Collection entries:
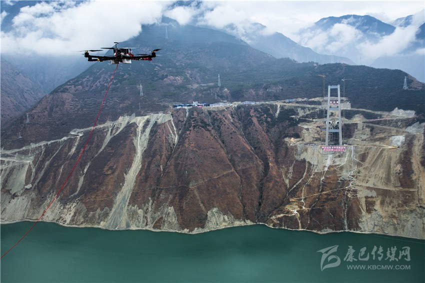雅康高速C15合同段一分部總工程師張磊說,河谷兩岸立好橋墩,施工隊員運用無人機技術(shù),先把一根較細的繩子“飛穿”在兩側(cè)橋墩,再運用這第一根繩索,運送較粗繩索,最后運送鋼繩,建立橫跨兩岸的1600多米長的“貓道”——施工隊員屆時彎腰在這里施工?!肮と藨以诤拥郎峡帐┕?,也會被無處不在的大風(fēng)所包圍?!?/span>
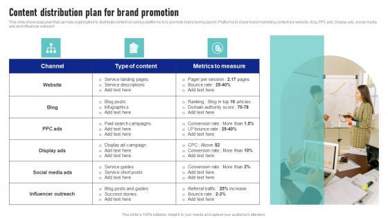 This slide showcases plan that can help organization to distribute content on various platforms to to promote brand during launch. Platforms to share brand marketing content are website, blog, PPC ads, Display ads, social media ads and influencer outreach If your project calls for a presentation, then Slidegeeks is your go-to partner because we have professionally designed, easy-to-edit templates that are perfect for any presentation. After downloading, you can easily edit Content Distribution Plan For Brand Promotion Launching New Product Brand Guidelines Pdf and make the changes accordingly. You can rearrange slides or fill them with different images. Check out all the handy templates This slide showcases plan that can help organization to distribute content on various platforms to to promote brand during launch. Platforms to share brand marketing content are website, blog, PPC ads, Display ads, social media ads and influencer outreach
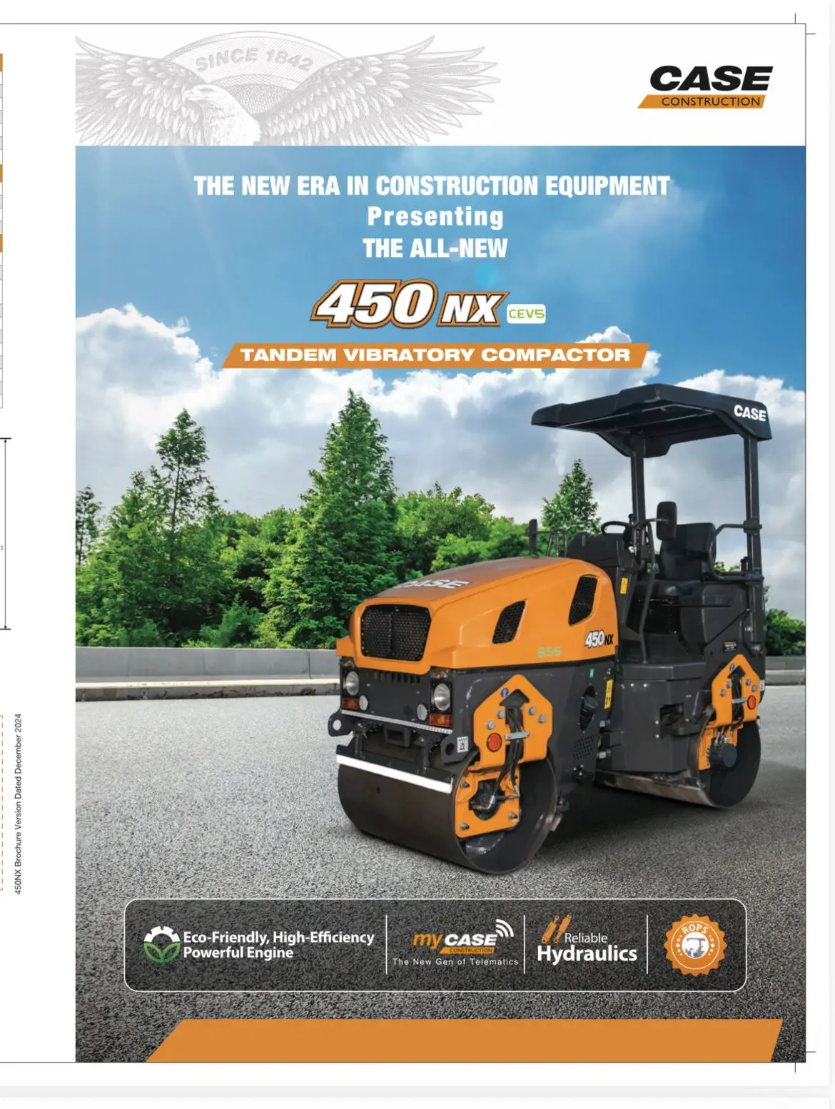 The CASE 450NX Tandem Vibratory Compactor marks a new era of high performance and reliability in road construction.
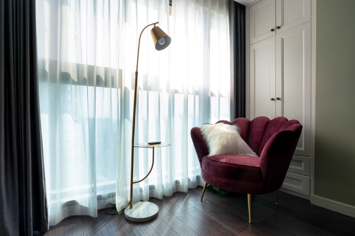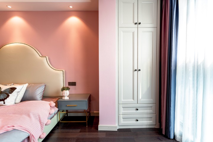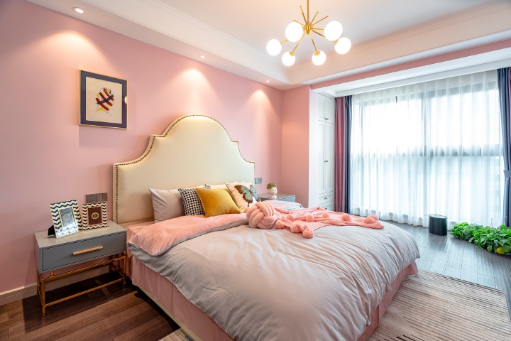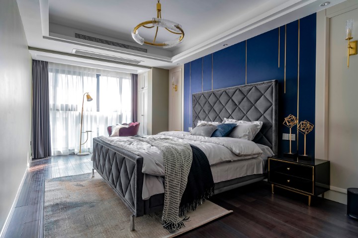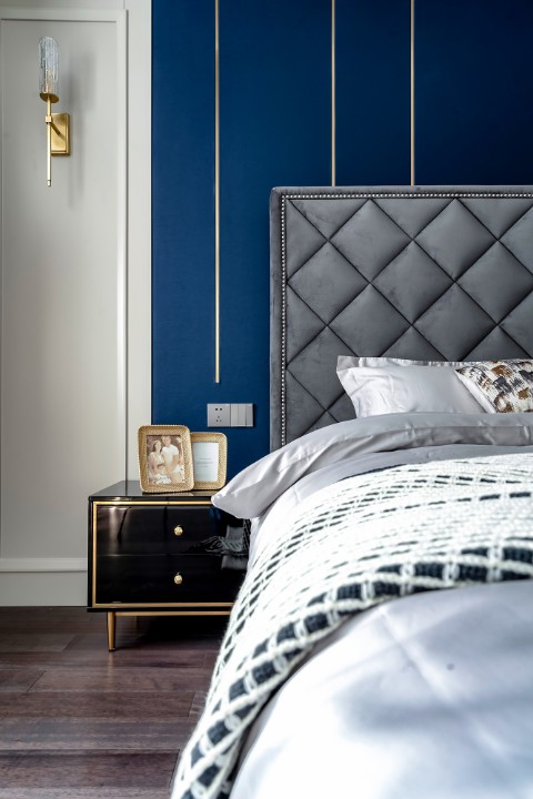 卧室集中于二楼,主卧用藏蓝为背景墙打底,金色金属线条进行装饰,和客厅的沙发背景墙形成呼应,避免上下色彩产生分离。
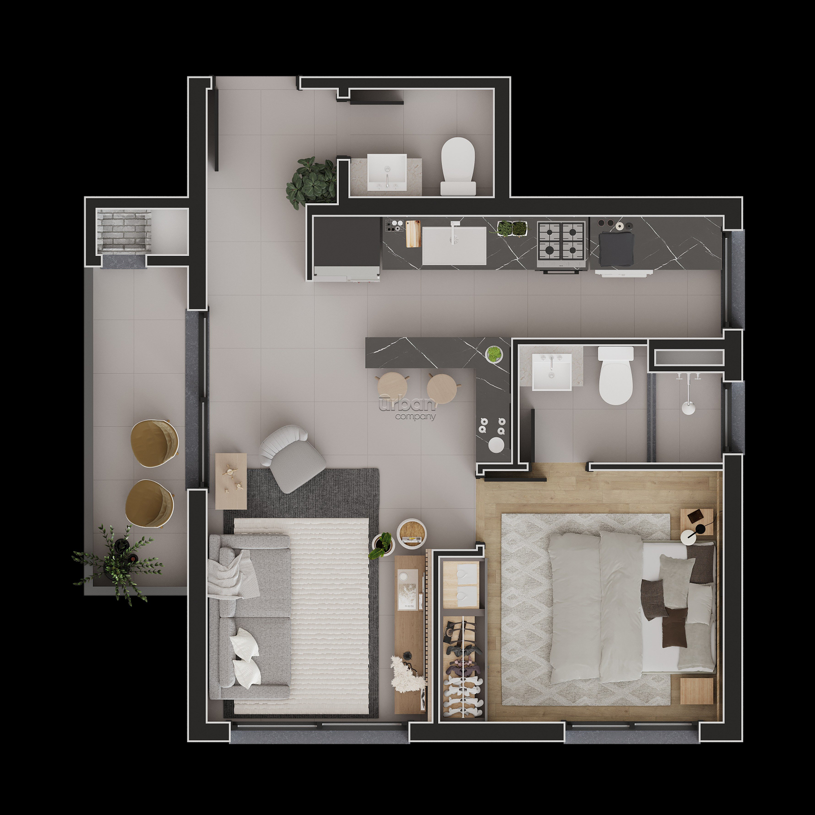 Apartamento com 48 m² privativos, 1 dormitório, 1 suíte, living para dois ambientes com sala de estar e jantar definida e churrasqueira.
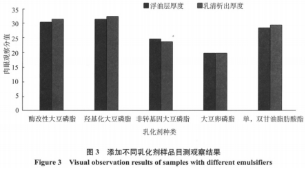 由圖3能夠看得出,加上酶改性材料大豆卵磷脂試品、甲基化大豆卵磷脂試品和單,雙凡士林油酸酯試品的估測觀查得分相對性較高,且區(qū)別不顯著,根據(jù)置放1周商品的估測觀查結(jié)果沒法挑選出最合適的破乳劑。
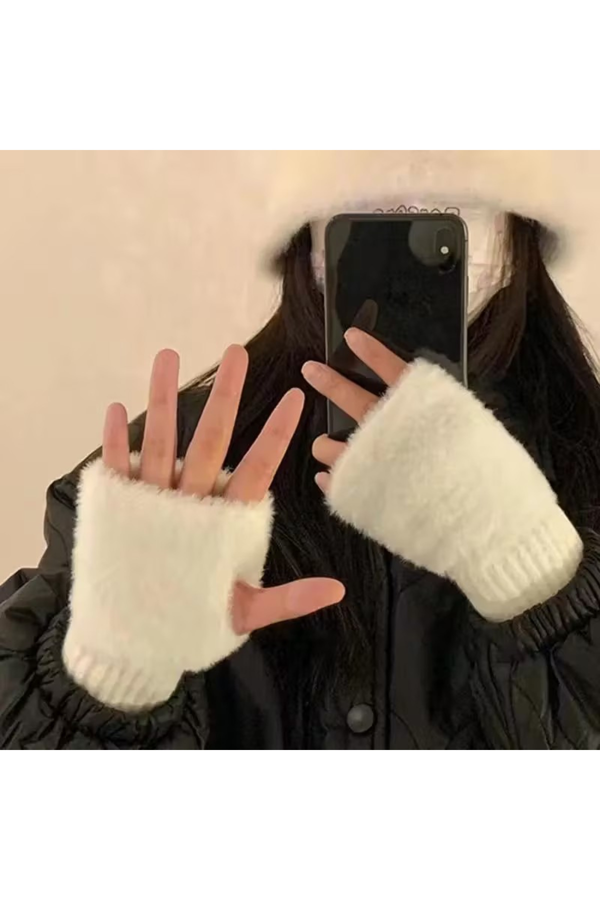 Kışlık Beyaz Kürklü Parmaksız Eldiven Tarz Kadın ve Erkekler için Örgü Eldiven Kışlık Beyaz Kürklü Parmaksız Eldiven Tarz Kadın ve Erkekler için Örgü Eldiven kürklü تک سایز
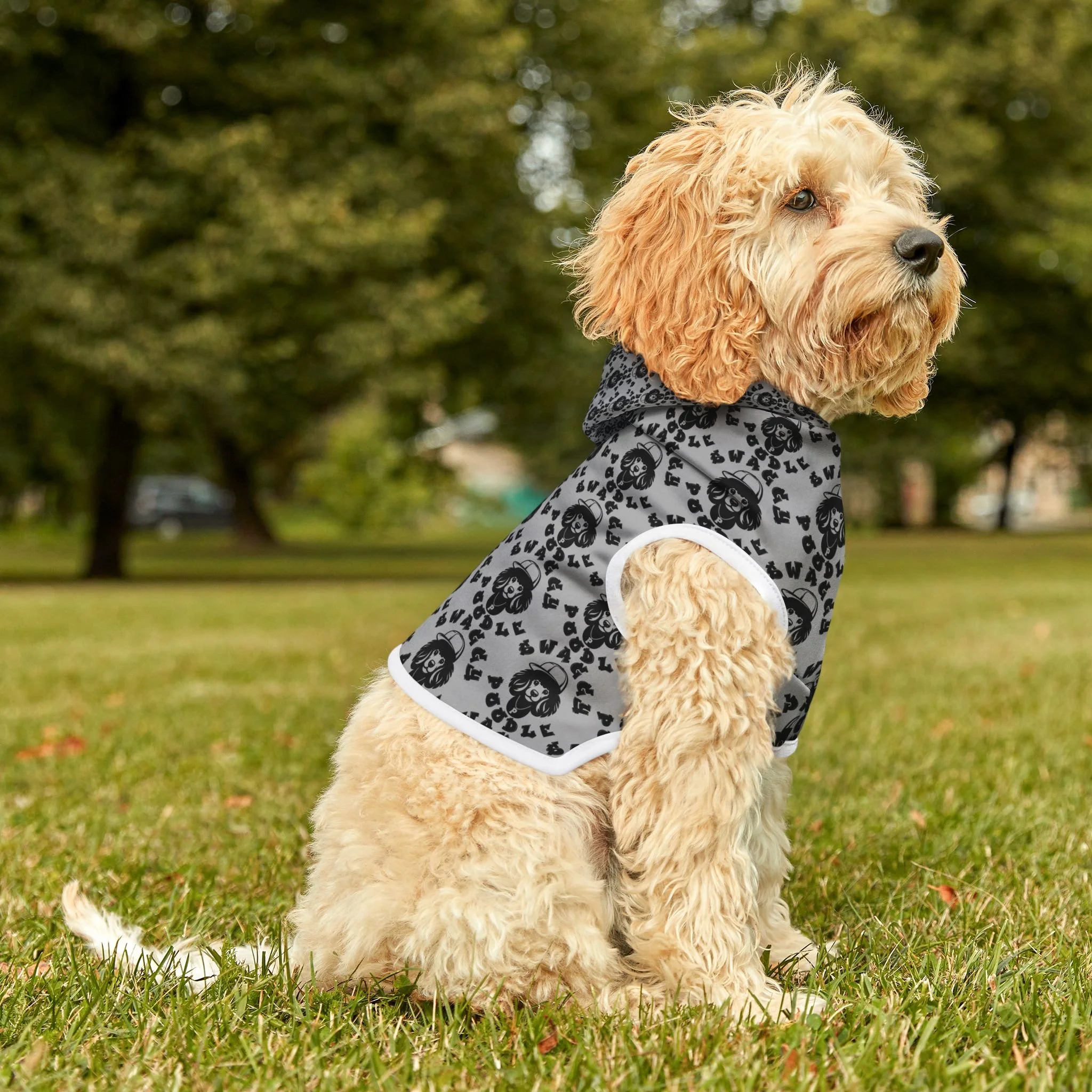 Grey Skies, Big Style — a streetwise pet hoodie that brings city attitude to your daily walks. The heather grey body wears a bold Swaggy Poodle graffiti and mascot print, while the hood flips the script with a dense micro-mascot repeat that reads like texture from a distance. Soft, resilient polyester keeps the shape and dries fast after rainy strolls. White or black rib trim and matched seam thread give a crisp, finished look. This hoodie settles into the routine of a dog who moves through sidewalks, parks, and coffee-run crowds with quiet confidence and details that reward a closer look. It drapes snugly, hides light shedding between washes, and highlights the kind of personality that prefers tone-on-tone style over loud logos.

§ **Work to complete**: Output every record above word for word, omitting any pictures they contain.

§ **Exercise solution**:
雅康高速C15合同段一分部總工程師張磊說,河谷兩岸立好橋墩,施工隊員運用無人機技術(shù),先把一根較細的繩子“飛穿”在兩側(cè)橋墩,再運用這第一根繩索,運送較粗繩索,最后運送鋼繩,建立橫跨兩岸的1600多米長的“貓道”——施工隊員屆時彎腰在這里施工?!肮と藨以诤拥郎峡帐┕?,也會被無處不在的大風(fēng)所包圍?!?/span>
 This slide showcases plan that can help organization to distribute content on various platforms to to promote brand during launch. Platforms to share brand marketing content are website, blog, PPC ads, Display ads, social media ads and influencer outreach If your project calls for a presentation, then Slidegeeks is your go-to partner because we have professionally designed, easy-to-edit templates that are perfect for any presentation. After downloading, you can easily edit Content Distribution Plan For Brand Promotion Launching New Product Brand Guidelines Pdf and make the changes accordingly. You can rearrange slides or fill them with different images. Check out all the handy templates This slide showcases plan that can help organization to distribute content on various platforms to to promote brand during launch. Platforms to share brand marketing content are website, blog, PPC ads, Display ads, social media ads and influencer outreach
 The CASE 450NX Tandem Vibratory Compactor marks a new era of high performance and reliability in road construction.
 卧室集中于二楼,主卧用藏蓝为背景墙打底,金色金属线条进行装饰,和客厅的沙发背景墙形成呼应,避免上下色彩产生分离。
 Apartamento com 48 m² privativos, 1 dormitório, 1 suíte, living para dois ambientes com sala de estar e jantar definida e churrasqueira.
 由圖3能夠看得出,加上酶改性材料大豆卵磷脂試品、甲基化大豆卵磷脂試品和單,雙凡士林油酸酯試品的估測觀查得分相對性較高,且區(qū)別不顯著,根據(jù)置放1周商品的估測觀查結(jié)果沒法挑選出最合適的破乳劑。
 Kışlık Beyaz Kürklü Parmaksız Eldiven Tarz Kadın ve Erkekler için Örgü Eldiven Kışlık Beyaz Kürklü Parmaksız Eldiven Tarz Kadın ve Erkekler için Örgü Eldiven kürklü تک سایز
 Grey Skies, Big Style — a streetwise pet hoodie that brings city attitude to your daily walks. The heather grey body wears a bold Swaggy Poodle graffiti and mascot print, while the hood flips the script with a dense micro-mascot repeat that reads like texture from a distance. Soft, resilient polyester keeps the shape and dries fast after rainy strolls. White or black rib trim and matched seam thread give a crisp, finished look. This hoodie settles into the routine of a dog who moves through sidewalks, parks, and coffee-run crowds with quiet confidence and details that reward a closer look. It drapes snugly, hides light shedding between washes, and highlights the kind of personality that prefers tone-on-tone style over loud logos.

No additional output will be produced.